Many workloads are “write once, read rarely” which would imply that the data should be Reed-Solomon encoded rather than replicated to reduce the storage overhead. However, the data is often written interactively, and the write latency is important to the client so it makes sense to use replicated encoding to reduce tail latency⁵. It would be nice to take advantage of the improved latency of replicated writes while also having the improved byte efficiency of Reed-Solomon encoding.

Tectonic is able to have its cake and eat it too by having the client write the block in a replicated encoding, but then once the block is full and sealed, the client will re-encode the block to Reed-Solomon in the background. This way the application gets the improved latency of replicated writes, with all the optimizations we discussed, but the space-efficiency of Reed-Solomon storage. It’s unclear from the paper what happens if the client application crashes, but I assume there is a background service that can re-encode fully written blocks to Reed-Solomon.

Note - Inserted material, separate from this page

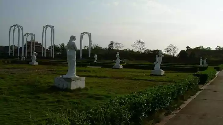 There are over 1,200 trees and 40,000 shrubs, with a greening rate of 87.4%. There are two lakeside islands, two groups of mushroom pavilions, and multiple grape trellises. The park boasts an activity center for the elderly, a swimming pool, and a variety of children's entertainment facilities, including a boat ride and a fun castle. The park is ablaze with vibrant lights: courtyard lights along the paths, flared lanterns beneath the trees, around the lake, and rim lights on the Jade Belt Bridge, Nine-Curve Bridge, and the Octagonal Pavilion. Landscape lights, butterfly lights, coconut tree lights, and fireworks lights adorn the park with a vibrant atmosphere.
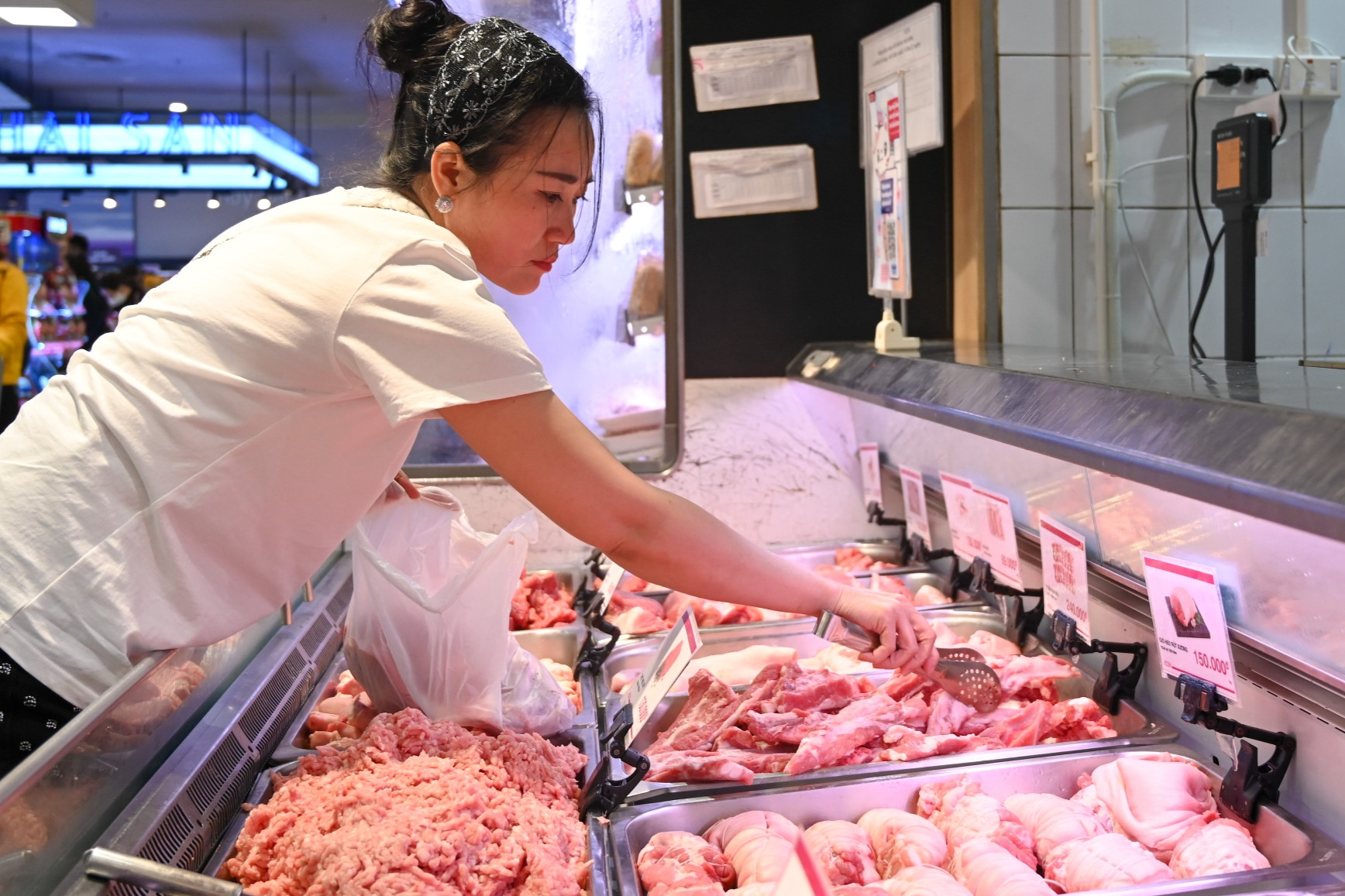 Dịp này, công việc bận rộn, thịt trong tủ cấp đông cũng hết. Chị xuống cửa hàng tiện lợi ngay dưới khu chung cư mình ở để mua vài loại đủ ăn đến hết tuần. Lướt qua xem giá thịt lợn tại đây, chị cảm thấy choáng váng vì loại nào cũng đắt đỏ. Ba chỉ rút sườn giá 280.000 đồng/kg, sườn non lên tới 300.000 đồng/kg, hay thịt xay giá cũng 150.000 đồng/kg.

Copysets: Reducing the Probability of Data Loss

Tectonic uses copyset replication to minimize its probability of data loss in the face of coordinated disk failures. Copyset replication is really smart, but we’ll have to back up a bit to discuss the difficult problems and tradeoffs that exist when trying to place data onto disks.

When choosing which disks to write data to, in a world where disks can fail, there is a tradeoff between the likelihood of data loss and how much data is lost per data loss event. For example, if for all \(R(3.2)\) replicated files, you write each chunk replica to a randomly selected disk, it becomes increasingly likely that any 3 disk failures will result in a data loss event for some replicated file. This is because for every block, we choose a random set of 3 disks to store its chunks on, and as we add more blocks to the system, eventually every set of 3 disks will store all the chunk replicas for some block.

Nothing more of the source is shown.